Bulwark- Quite simply the toughest defensive building around. A wind tower is invulnerable on one side, but this is so tough it might as well be on all sides. It doesn’t come cheap, but if you’re protecting thunder cannons or the like the investment is still worth it. Against the Bulwark, aerial units are useless, so swarming it with crossbows and ice cannons is the only way to drop it quickly enough to get to what’s behind.

Thunder Cannon- the level 2 cannon outranges the sun cannon and packs almost 3 times its strength, but only fires in a single direction requiring careful placement. The disc thrower trick still works, but generally it’s easier to stick a set of cannons around its blind sides. When using the Cannons, stagger them so that their sides are covered.

Vander Tower- the anti-air weapon, it’s value is minimal to a beginner if the opponents are similarly lacking in aerial units and as most regenerate, are rebuilt or just can’t be hurt it seems a bit much for level 3. That said, against certain players it can win games on its own…

Arc Spire- another barricade style weapon, with the lowest range but conveniently only damaging enemy units that try to pass between towers. I’ve rarely played against these as thunder players are generally too busy building cannons, but in a large game these prove more versatile as you build up arc networks.

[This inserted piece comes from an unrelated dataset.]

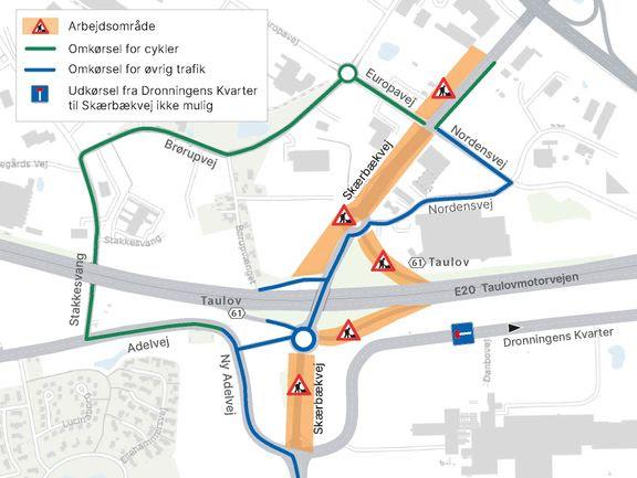 Det vil sige, at Skærbækvej mellem motorvejen og Dronningens Kvarter er spærret frem til maj med omkørsel via den nye Adelvej og den midlertidige tilslutning til rundkørslen, der sikrer adgang fra motorvejen mod syd.

Netstorm – Islands at War was released by Activision / Titanic Entertainment in 1997 and afaik is only available for the windows environment. This reminds me just how long I’ve been playing games now, and also illustrates how titles with particularly innovative game play stand the test of time. If you brought it way back and have forgotten it, dig it out like I did – especially if you’ve since acquired un-metered internet access or a network of your own. One for LAN parties that can’t handle the latest and greatest as its hardware demands are minimal but it supports big games very nicely. Is it better than the original Command and Conquer? Probably not, but chances are most people have played C&C, whereas Netstorm is probably going to be a new challenge.